**Recorded information:**
- Opening Delimiter -

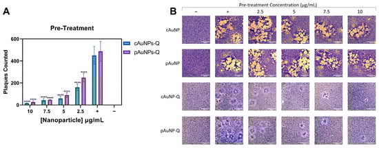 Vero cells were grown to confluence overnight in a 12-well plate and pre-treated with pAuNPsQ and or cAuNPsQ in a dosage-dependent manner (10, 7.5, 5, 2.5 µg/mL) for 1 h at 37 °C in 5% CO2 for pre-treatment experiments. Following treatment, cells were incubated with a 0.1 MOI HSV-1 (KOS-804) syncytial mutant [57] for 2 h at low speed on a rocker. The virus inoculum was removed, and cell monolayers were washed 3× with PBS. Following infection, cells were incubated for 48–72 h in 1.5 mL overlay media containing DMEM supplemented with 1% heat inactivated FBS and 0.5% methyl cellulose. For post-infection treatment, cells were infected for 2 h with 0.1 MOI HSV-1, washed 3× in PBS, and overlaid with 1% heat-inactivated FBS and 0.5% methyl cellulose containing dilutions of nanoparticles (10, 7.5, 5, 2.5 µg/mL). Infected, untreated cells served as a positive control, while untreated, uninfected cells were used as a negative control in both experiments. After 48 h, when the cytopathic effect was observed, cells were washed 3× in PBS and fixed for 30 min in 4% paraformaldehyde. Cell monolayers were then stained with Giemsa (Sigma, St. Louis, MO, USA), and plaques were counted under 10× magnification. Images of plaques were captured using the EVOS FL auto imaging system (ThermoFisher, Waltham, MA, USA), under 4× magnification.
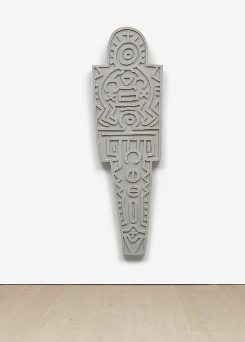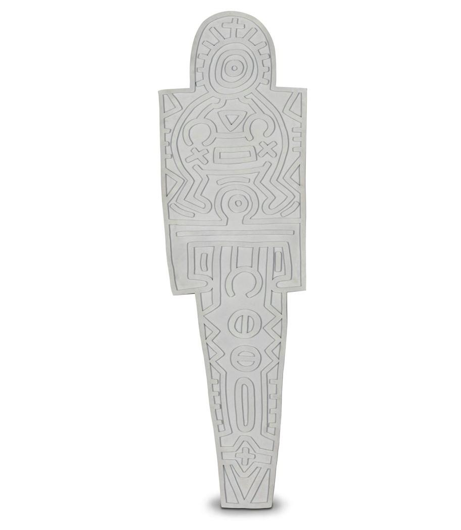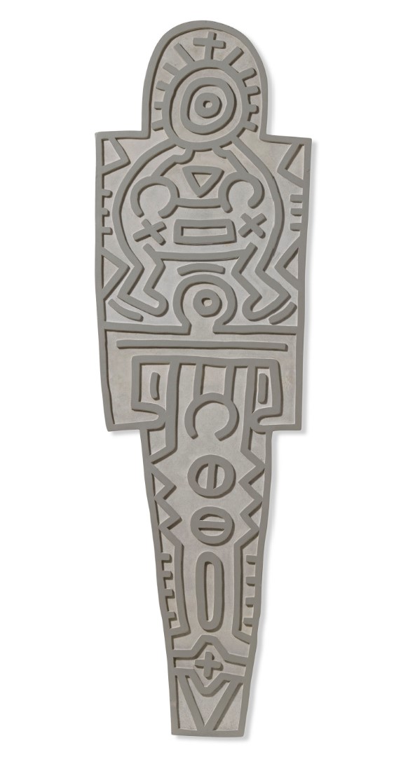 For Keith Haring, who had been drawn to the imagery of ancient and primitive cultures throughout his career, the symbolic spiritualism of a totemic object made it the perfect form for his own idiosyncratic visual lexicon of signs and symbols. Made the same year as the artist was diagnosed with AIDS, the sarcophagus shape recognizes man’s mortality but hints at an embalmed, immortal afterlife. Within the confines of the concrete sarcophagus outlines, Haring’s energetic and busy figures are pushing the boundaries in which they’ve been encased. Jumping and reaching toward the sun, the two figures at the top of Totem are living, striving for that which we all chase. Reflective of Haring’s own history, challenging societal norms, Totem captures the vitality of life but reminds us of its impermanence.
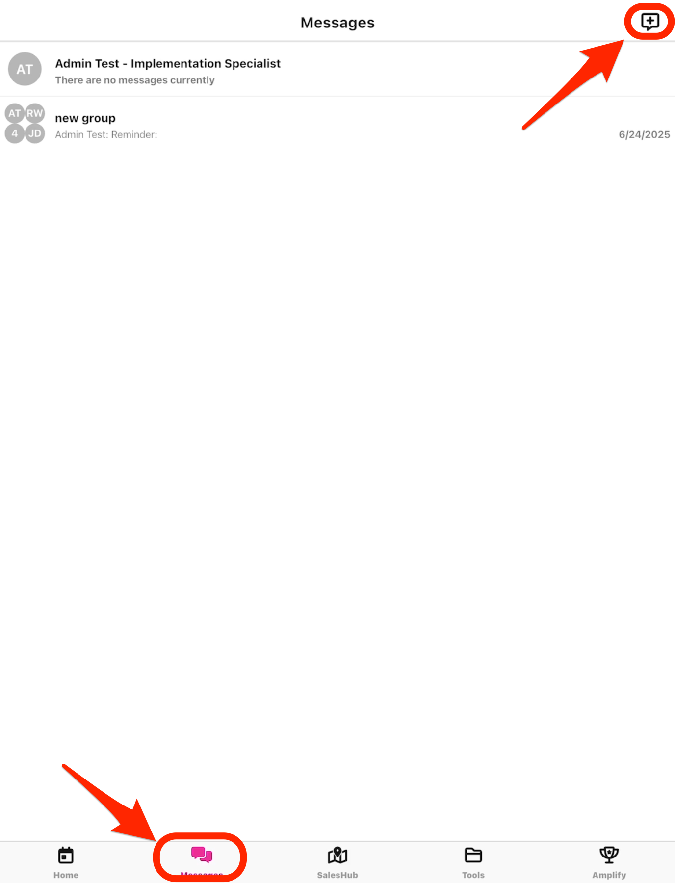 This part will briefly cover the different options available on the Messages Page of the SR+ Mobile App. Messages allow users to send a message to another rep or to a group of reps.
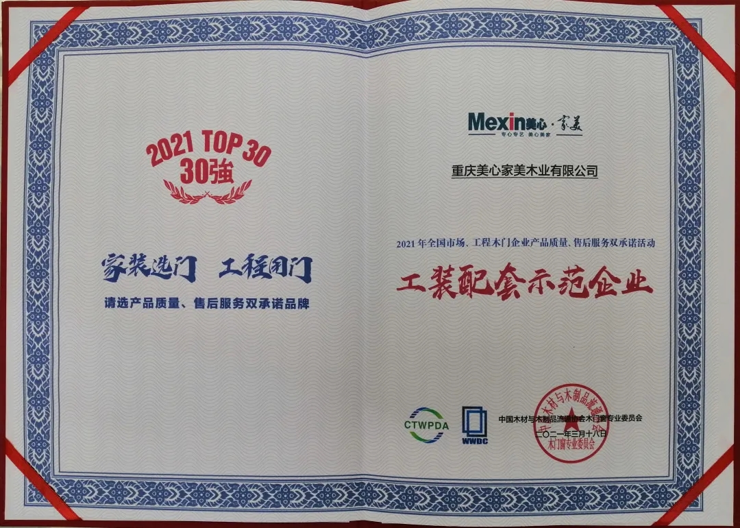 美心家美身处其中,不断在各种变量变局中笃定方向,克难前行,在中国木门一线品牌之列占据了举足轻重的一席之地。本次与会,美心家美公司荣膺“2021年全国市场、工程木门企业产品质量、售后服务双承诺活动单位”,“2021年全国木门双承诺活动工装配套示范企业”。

- Closing Delimiter -

**Requirement:** An exact copy of the material above is required, free of any pictures.

**Exercise answer:**
 Vero cells were grown to confluence overnight in a 12-well plate and pre-treated with pAuNPsQ and or cAuNPsQ in a dosage-dependent manner (10, 7.5, 5, 2.5 µg/mL) for 1 h at 37 °C in 5% CO2 for pre-treatment experiments. Following treatment, cells were incubated with a 0.1 MOI HSV-1 (KOS-804) syncytial mutant [57] for 2 h at low speed on a rocker. The virus inoculum was removed, and cell monolayers were washed 3× with PBS. Following infection, cells were incubated for 48–72 h in 1.5 mL overlay media containing DMEM supplemented with 1% heat inactivated FBS and 0.5% methyl cellulose. For post-infection treatment, cells were infected for 2 h with 0.1 MOI HSV-1, washed 3× in PBS, and overlaid with 1% heat-inactivated FBS and 0.5% methyl cellulose containing dilutions of nanoparticles (10, 7.5, 5, 2.5 µg/mL). Infected, untreated cells served as a positive control, while untreated, uninfected cells were used as a negative control in both experiments. After 48 h, when the cytopathic effect was observed, cells were washed 3× in PBS and fixed for 30 min in 4% paraformaldehyde. Cell monolayers were then stained with Giemsa (Sigma, St. Louis, MO, USA), and plaques were counted under 10× magnification. Images of plaques were captured using the EVOS FL auto imaging system (ThermoFisher, Waltham, MA, USA), under 4× magnification.
 For Keith Haring, who had been drawn to the imagery of ancient and primitive cultures throughout his career, the symbolic spiritualism of a totemic object made it the perfect form for his own idiosyncratic visual lexicon of signs and symbols. Made the same year as the artist was diagnosed with AIDS, the sarcophagus shape recognizes man’s mortality but hints at an embalmed, immortal afterlife. Within the confines of the concrete sarcophagus outlines, Haring’s energetic and busy figures are pushing the boundaries in which they’ve been encased. Jumping and reaching toward the sun, the two figures at the top of Totem are living, striving for that which we all chase. Reflective of Haring’s own history, challenging societal norms, Totem captures the vitality of life but reminds us of its impermanence.
 This part will briefly cover the different options available on the Messages Page of the SR+ Mobile App. Messages allow users to send a message to another rep or to a group of reps.
 美心家美身处其中,不断在各种变量变局中笃定方向,克难前行,在中国木门一线品牌之列占据了举足轻重的一席之地。本次与会,美心家美公司荣膺“2021年全国市场、工程木门企业产品质量、售后服务双承诺活动单位”,“2021年全国木门双承诺活动工装配套示范企业”。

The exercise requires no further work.